I reached across and picked up one of the parchments. It was a border pass made out for a trader. The assassins must have traveled in disguise until attempting my murder. Another foolscap bore strange scribblings. One by one I unfolded the remaining parchments to find additional border passes, what appeared to be a shopping list, and an unflattering sketched likeness of me.

"I am surprised they could recognize me from this," I said, while holding it to window light. "The eyes are too closely set and the chin too weak."

"Funny, I thought the drawing was an exact likeness," Lorenzo observed as he took a seat. "It appears the trio was well prepared for this venture. Someone went to a great deal of trouble to see you dead."

"Or they were already in Duburoake for another job and after completing it, were hired to kill me," I offered.

"Unlikely. I spent the morning sniffing about. There is no talk on the streets of any mysterious deaths other than those of the assassins. And the inns and taverns are a buzz with that."

"This is odd," I changed the subject as I held up the glass eye. The craftsmanship was so excellent I almost expected it to blink.

I rose from my chair and walked to the chest of drawers upon which perched a stuffed two-headed fire shrew and a pile of disorderly parchments waiting to be filed. Osyani was making headway in straightening my cluttered office, but there was a ways to go. After searching several of the drawers, I pulled out what appeared to be a perfect twin to the orb from the assassins' belongings. I had bought the eye on impulse in the markets of Kaiserhelm on my trip to Stagsford.

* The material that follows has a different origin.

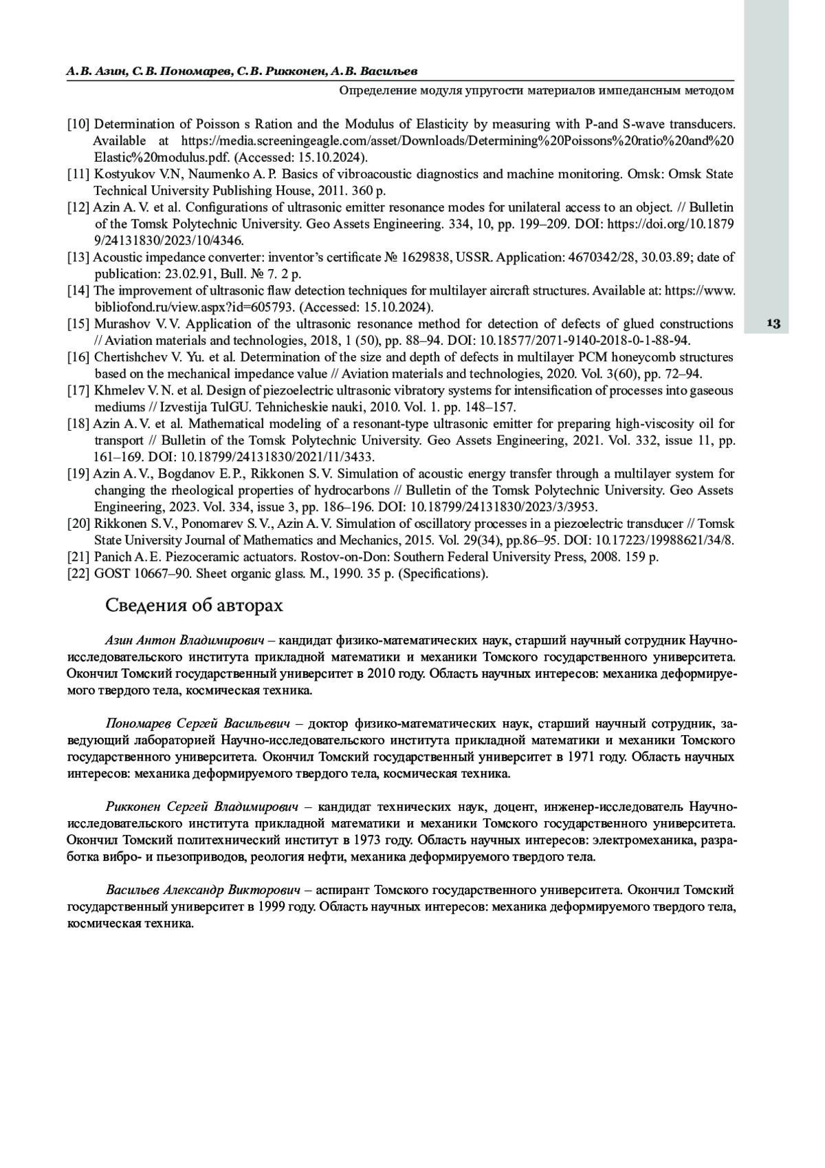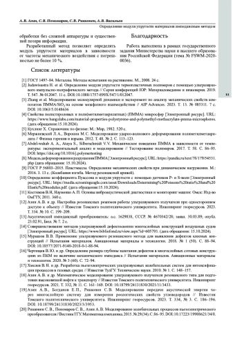 Эффективно применяемый импедансный метод неразрушающего контроля для элементов космической техники является сравнительным методом обнаружения дефектов материалов. Однако определение деформационных характеристик материалов, в частности модуля упругости, этим методом затруднительно. Цель работы: расширение возможностей импедансного метода для определения модуля упругости материала. Предложен метод локального динамического воздействия на поверхность материала, в котором возможен анализ составляющих механического импеданса с определением модуля упругости материала. Устройство, реализующее данный метод, представляет собой ультразвуковой излучатель с индентором для контактного воздействия на поверхность исследуемого материала. В конструкцию устройства включены датчики ускорения и силы. Ультразвуковой излучатель при одностороннем доступе к объекту оказывает минимальное силовое воздействие на исследуемый материал, что особенно важно при неразрушающем контроле. Для получения информации о физико-механических характеристиках материала используется частотный диапазон, при котором все сигналы датчиков имеют гармоническую форму. В режиме гармонических колебаний колебательная система «устройство-исследуемый материал» работает как единое целое. Наличие режима гармонических колебаний позволяет при обработке экспериментальных данных о колебательной системе использовать простые математические методы (символический метод анализа систем и правила преобразования электрических цепей) без потери информации об объекте. Предложенный метод позволяет определять модуль упругости материалов в зависимости от частоты механического воздействия с погрешностью не более 10 %.

Kaiserhelm is not an agreeable borough. It squats at the knees of the Megaoulas Mountains like a skinless, bleeding toad and grows fat on the caravans that come and go through the only tolerable pass for 70 miles. The whole village, from the cobbled streets to the squalid houses, temples, and warehouses, are made of bricks from the surrounding red clays of the foothills. Constant rains keep Kaiserhelm glistening like the raw skin under a broken blister and wash down sluggish streams of odorous, scarlet water that ooze across the streets like the spilled blood of some murdered giant.

The villainous innkeepers and peddlers are well versed in fleecing the pilgrims who excitedly anticipate crossing the mountains for their first views of the fabled wonders of East Glavendale and to gawk at the royal city of Stagsford and its abominable temples.

I had stopped at a ramshackle hut that sold an assortment of cosmetic aids for those injured in battle. Wax ears of a variety of sizes and hues laid in a long row. I paused to examine a cleverly fabricated dwarf ear and observed that its artfully projecting inner hairs were boar bristles. There were also noses of many shapes, carved from wood, ivory, and pink quartz--as well as cast silver for the jauntier of casualties.